Expect four to eight weeks for initial placements from a new PR engagement. Sustained coverage that builds real brand authority takes three to six months. Companies that stick with it see faster results over time because journalists are more receptive to founders who already have a media track record.

Frequently asked questions

When is the right time for a startup to invest in PR?

The most common trigger is an upcoming funding round. Investors check media presence before taking meetings, and three to five placements in publications like Tech in Asia or The Business Times does more for investor confidence than another slide in the pitch deck. Post-revenue startups seeking funding get the most ROI from PR. Pre-launch or stealth stage startups should wait until the product can handle public scrutiny.

Should a startup hire an agency or do PR in-house?

Below Series B, an agency or platform is almost always cheaper. A PR hire in Singapore runs SGD 3,500 to SGD 7,000 per month in salary alone, before tools and management time.
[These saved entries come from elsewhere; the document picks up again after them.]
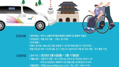 2023-02-02 12:05:18파주시 교통약자이동지원센터, 교통약자 여행·여가 지원사업 모집
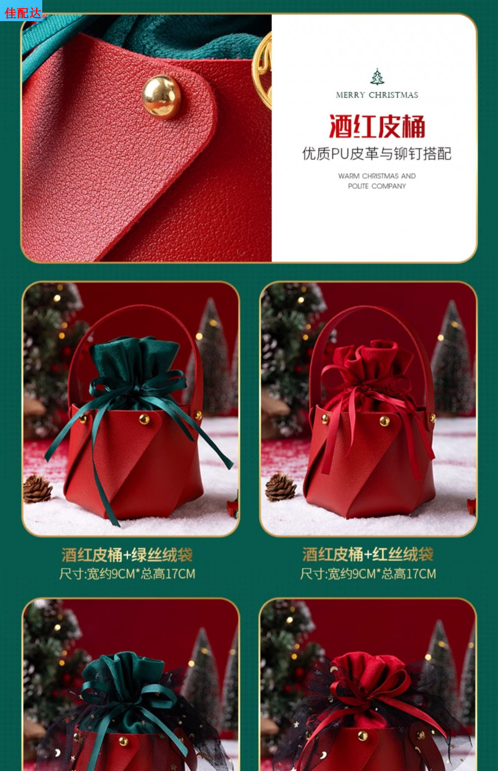 • A [휴대용 가죽 버킷 스타일] 그린 벨벳 가방 (5개 들이 팩)
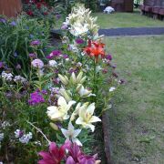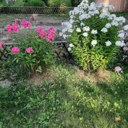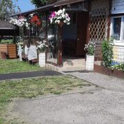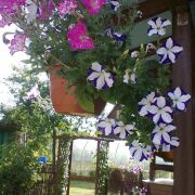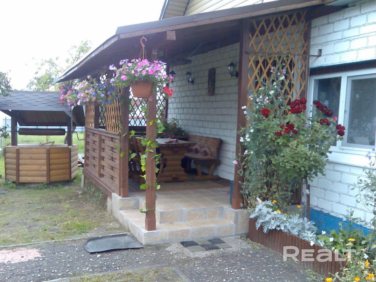 На территории —плодовые деревья, ягодные кустарники, декоративные растения.
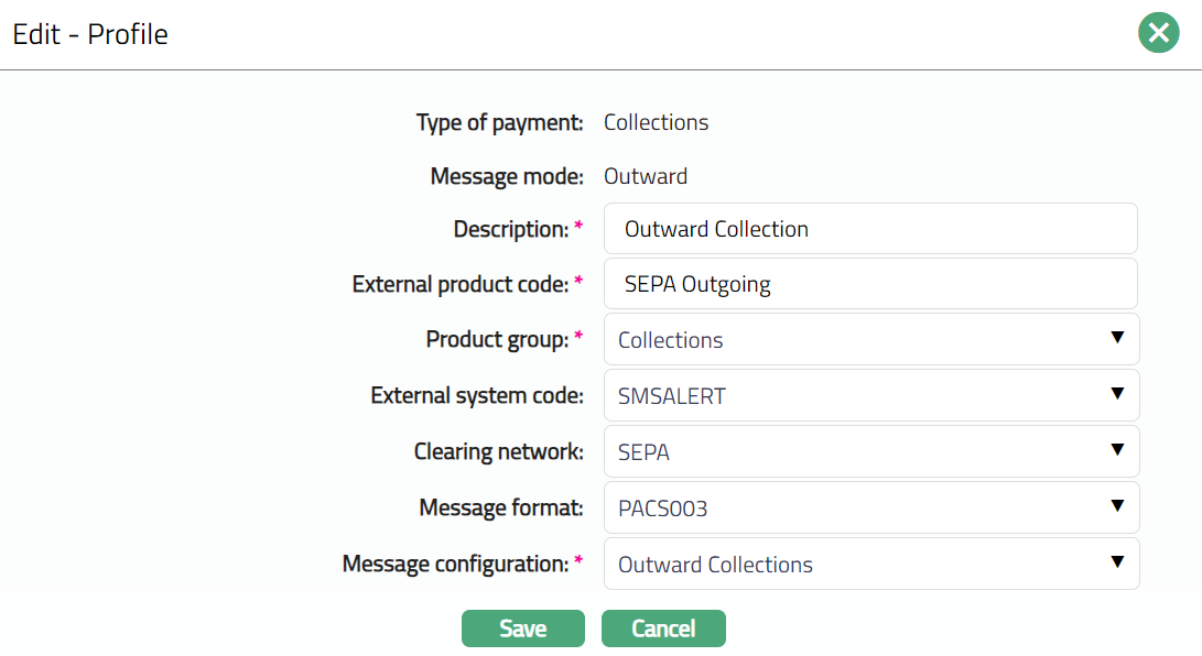 Specify whether Message for an outgoing payment is to be sent either on Payment due date or on Value date. Select the appropriate from the pre-shipped options: Payment date and Value date. The field will be enabled only if Message mode is Outgoing.
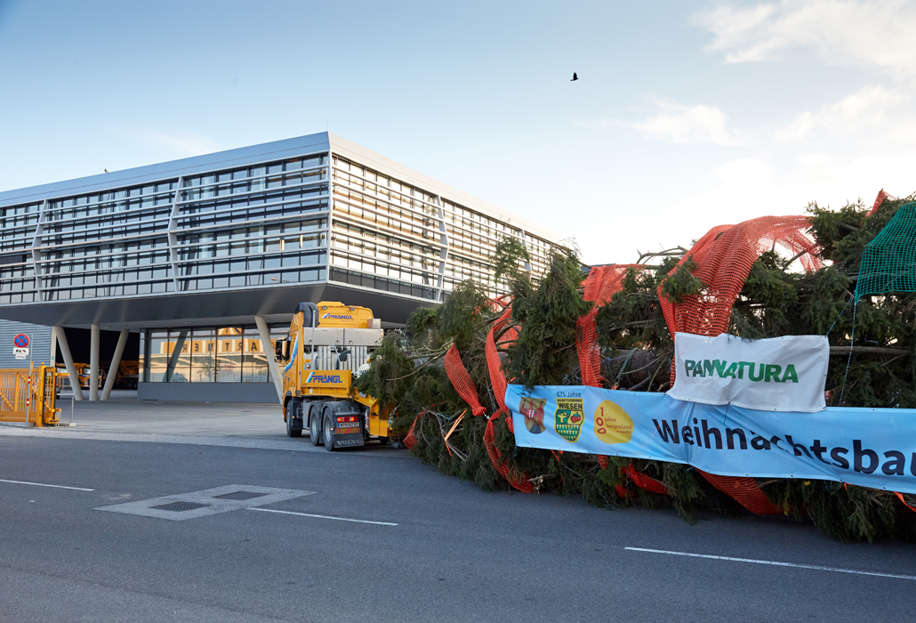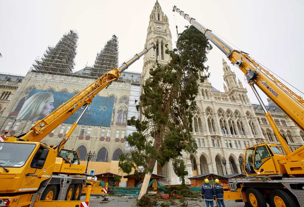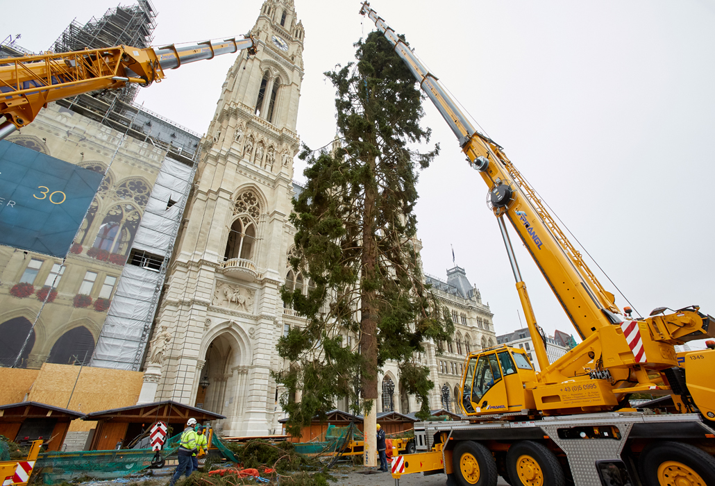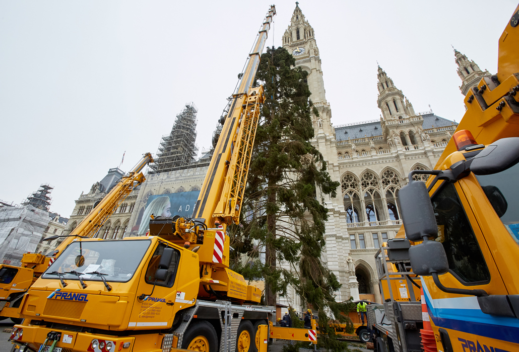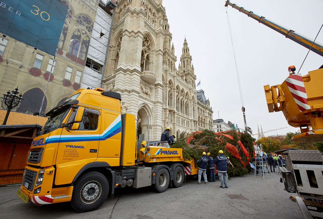 Nach einer Nacht und einem Tag am "gelben" Firmengelände wurde die Fichte schlussendlich nächtens zum Wiener Rathausplatz geführt. In der Früh startete dann der letzte Akt auf dieser Reise: das Aufrichten der stolzen Fichte. Auch in der Bundeshauptstadt waren zwei Mobilkrane von Nöten. In einem Tandemhub drehten und positionierten zwei 60 Tonnen Teleskopkräne den Christbaum millimetergenau in die dafür vorgesehene Bodenöffnung. Dieses vorweihnachtliche Spektakel bewies einmal mehr, wie reibungslos Logistikprojekte funktionieren können, wenn man vom Prangl-Konzept des "One Stop Shoppings" Gebrauch macht.
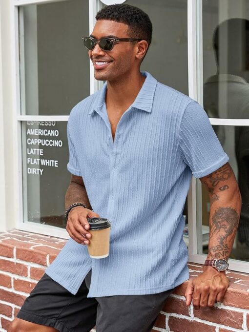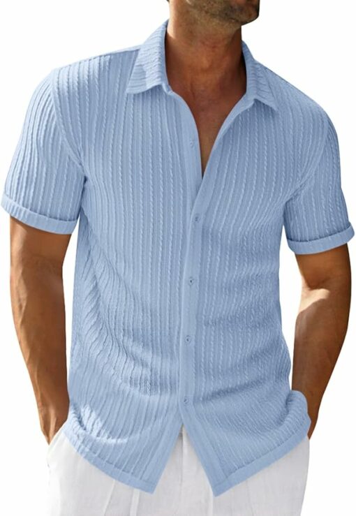 - Fabric: Our casual button down shirt is made of 97%Polyester, 3%Elastane, cable knit, breathable, lightweight, soft, skin-friendly and elastic material, giving you a comfortable wearing experience. The soft material will bring you a casual look
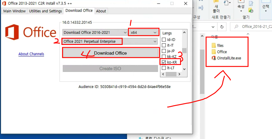 Download Office메뉴에서 다운받을 옵션을 선택하고 Download Office를 누르면 파일이 생성 됩니다.

An AI assisted PR platform gives you a team with working journalist relationships for less than a single hire would cost. In-house makes sense once your PR needs are complex enough to justify a full-time role.

Can a startup get PR coverage without a PR agency?
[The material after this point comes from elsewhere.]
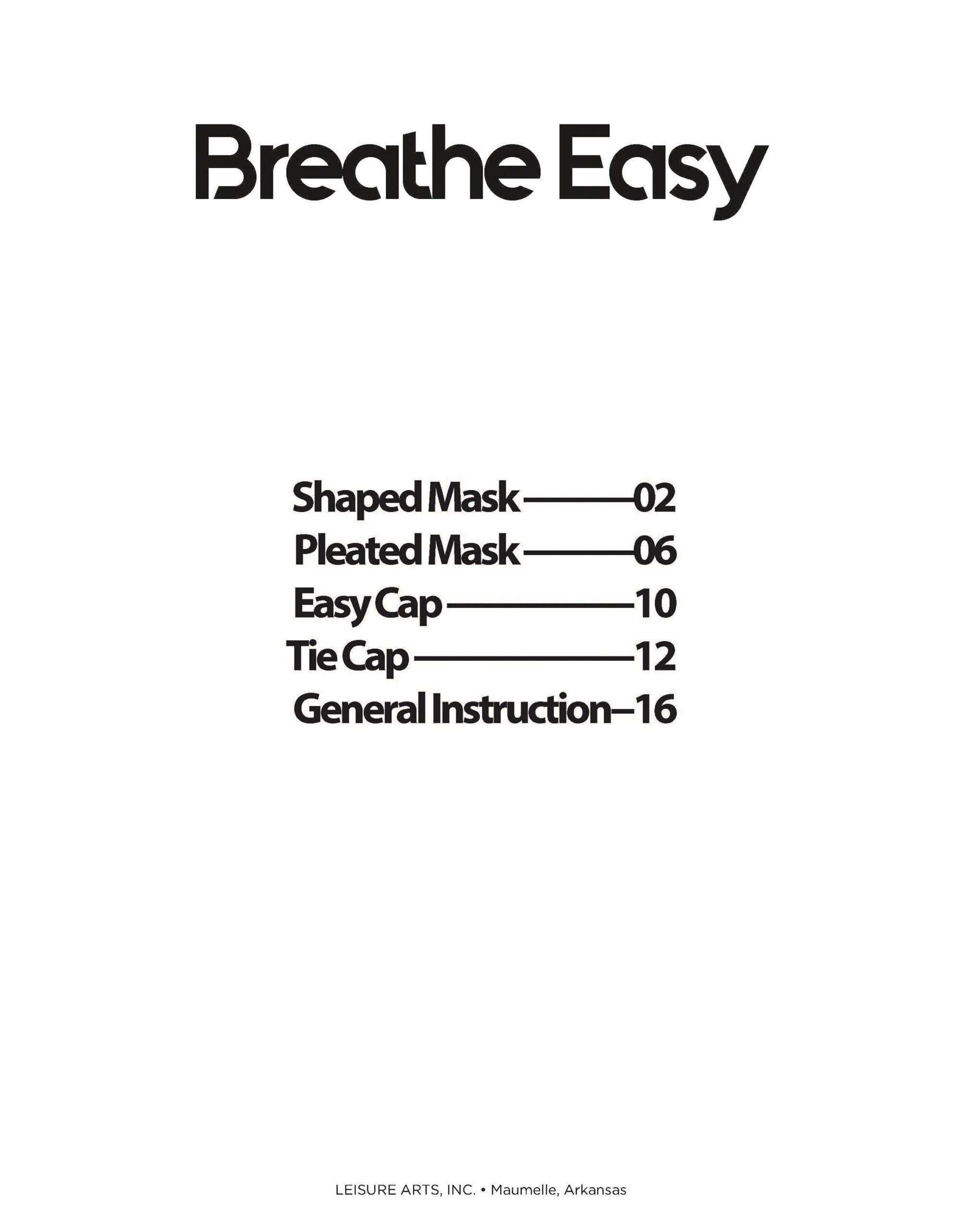 Quilting & Sewing Breathe Easy Special Edition- Quick, functional, and packed with love and cuteness, these masks are sure to bring both joy and peace of mind. Protect your friends, family, and hardworking medical providers. These quick and cute projects will bring you pride while they keep your people safe. Step-by-step assembly instructions, sewing tips, photographs, and patterns make it easy to provide a sense of security to your loved ones. Each mask pattern includes options for large adults, small adults, and children. Designs include: shaped mask, pleated mask, easy cap, tie cap and more. Beginner skill level. 24 pages, softcover.
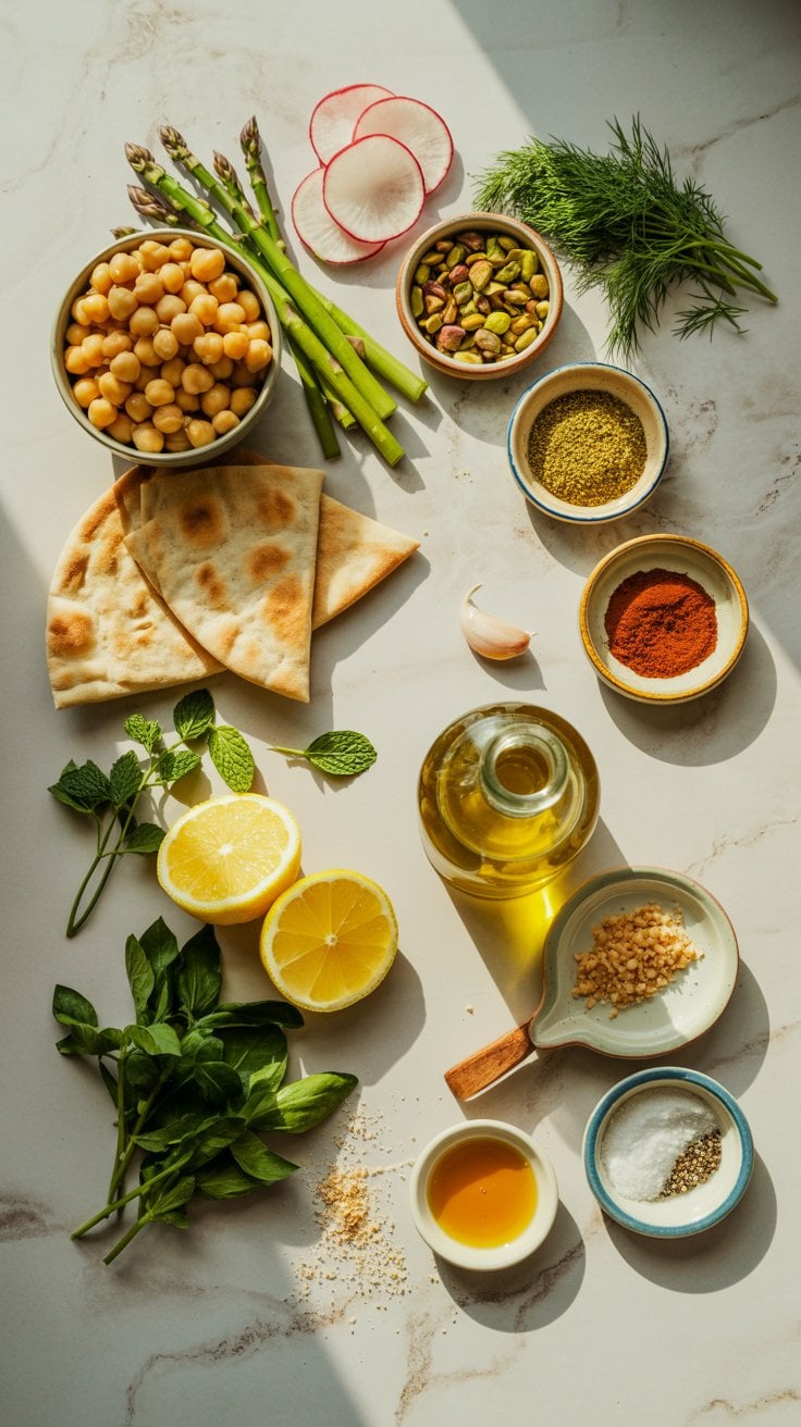 The chickpeas make it filling. The pita makes it fun. The lemon dressing keeps everything bright. And the mix of herbs, radishes, asparagus, and pistachios gives you enough texture that every bite tastes a little different.

Yes, but it requires time and persistence. Founders who invest in journalist relationships, write their own press releases, and pitch targeted stories can secure coverage independently. The challenge is that PR outreach competes with everything else a founder needs to do. Most founders manage one or two successful pitches before the time cost becomes unsustainable, which is when a focused agency or platform pays for itself.

What is the difference between PR and content marketing for startups?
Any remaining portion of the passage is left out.